I had a parcel delivered last week with this address label:
It looks like a case of inverted letters set by a letter-press compositor – someone slotting metal letters in upside down – but that can’t be, as they’ve used a laser printer. Whatever happened, I like it: the experience of seeing one’s name, long settled into inevitability (how could it have been anything else?), is joyfully scrambled into something else. Is this me or not me? Things don’t have to be as they are!
A little while ago I had another letter, this time scrambling both my first name and address.
My own happy travails sit within a wider field of misspelt names. Here’s the 1609 first quarto edition of Pericles by Shakespeare and George Wilkins – the printers employed by publisher Henry Gosson got the name of Pericles’ daughter, Marina, wrong on the title-page.

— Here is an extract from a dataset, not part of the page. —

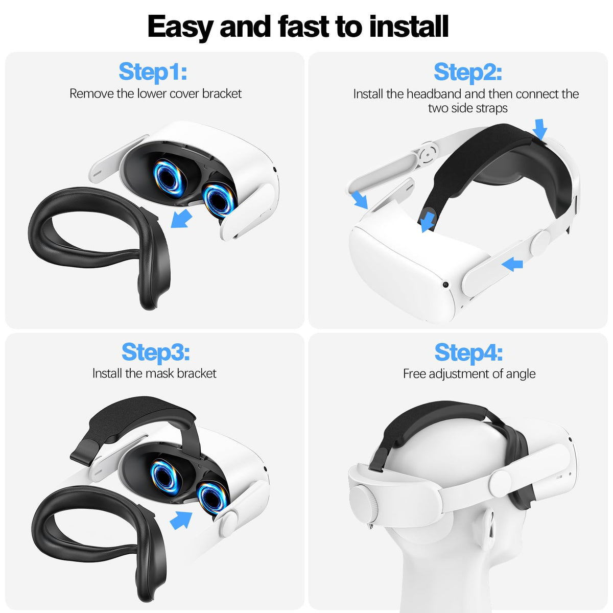 ?Reduce Facial Pressure?Adopt The Gravity-Balanced And Distributed Design,This Elite Strap Replacement For Oculus Quest 2 Makes Its Gravity Evenly Distributed In Different Positions Of The Head,Further Reducing Facial Pressure,The Back Wing-Shaped Wide Bracket Can Offer Larger Head Support Than Original While Preventing Slippage,It Can Be Freely Adjusted To The Most Comfortable State,Making Your Device Fit Your Head Better,Increasing Your Gaming Immersion. | ?Superior Side Straps?The Oculus/Meta Head Strap Is Made Of Upgraded Polymer Material,Which Is Eco-Friendly And Has Extreme Toughness And Stability,15,000+ Bending Test Ensures Durability And Long Lasting,Never Need To Worry That The Side Strap Will Snap,Enhance The Wearing Experience And Thus Make The Vr Process More Enjoyable. | ?Easy Size Adjustment?The Size Of The Oculus 2 Elite Strap Can Be Adjusted With A Round Rotary Knob And The Fastening Screw Will Stay Locked Automatically,Easy To Adjust To The Best.This Head Strap Has Larger Head Support Which Fits Head Circumference 17.7-29.5Inch,Suitable For Both Adults And Children,And Children Can Easily Use And Adjust It By Themselves. | ?Premium Pu Leather Cushions?Equipped With Skin-Friendly Pu Leather Pads At Each Support Point,The Upgraded Head Pad With 80Mm Width 15Mm Thickness Is More Soft,Breathable And Absorbent,Which Can Relieve The Heat In The Back Of The Head When Playing Games.The High-Grade Comfortable Pu Leather Cushion With A Smooth Surface Is Very Easy To Clean,Just Wipe With A Damp Cloth,No Any Maintenance Worries. | ?Lightweight And Portable? The Whole Head Strap Weighs Only 226G,Can Fit In The Official Carrying Case And Most Carrying Cases On The Market,Very Easy For Storage And Carry When Traveling.

And here’s a related bibliographical moment. To most if not all copies of her 1668 Plays Never Before Printed (1668), the brilliant writer and scientist Margaret Cavendish pasted in thin slips of paper next to particular scenes or songs with the note 'Written by my Lord Duke' – attributing those parts to her husband, William Cavendish, 1st Duke of Newcastle.
Evidently the attribution mattered to Cavendish – did she like a sense of marriage-as-collaborative-writing? – and she probably had sheets printed with repetitions of this note, which she then cut up and stuck in: correct naming as something belated, layered on top of a text, and a matter of scissors and glue.
My husband’s surname is Bratby which gets mangled surprisingly frequently to Bradbury and Bradley. It reminded me too of the Imogen/Innogen controversy in Cymbeline. So interesting, thanks!
Thanks for this, Adam - I sympathise! We are Wikeley pronounced Like-ly, but most people go for "Wik-er-ley" if they haven't heard better, and the more the world becomes text based the harder it becomes to hold the line. The original spelling was probably Wykeley. I wonder if there's something going on here with accents and vowel shifts... (Wykeley's/Wikeley is originally a midlands name).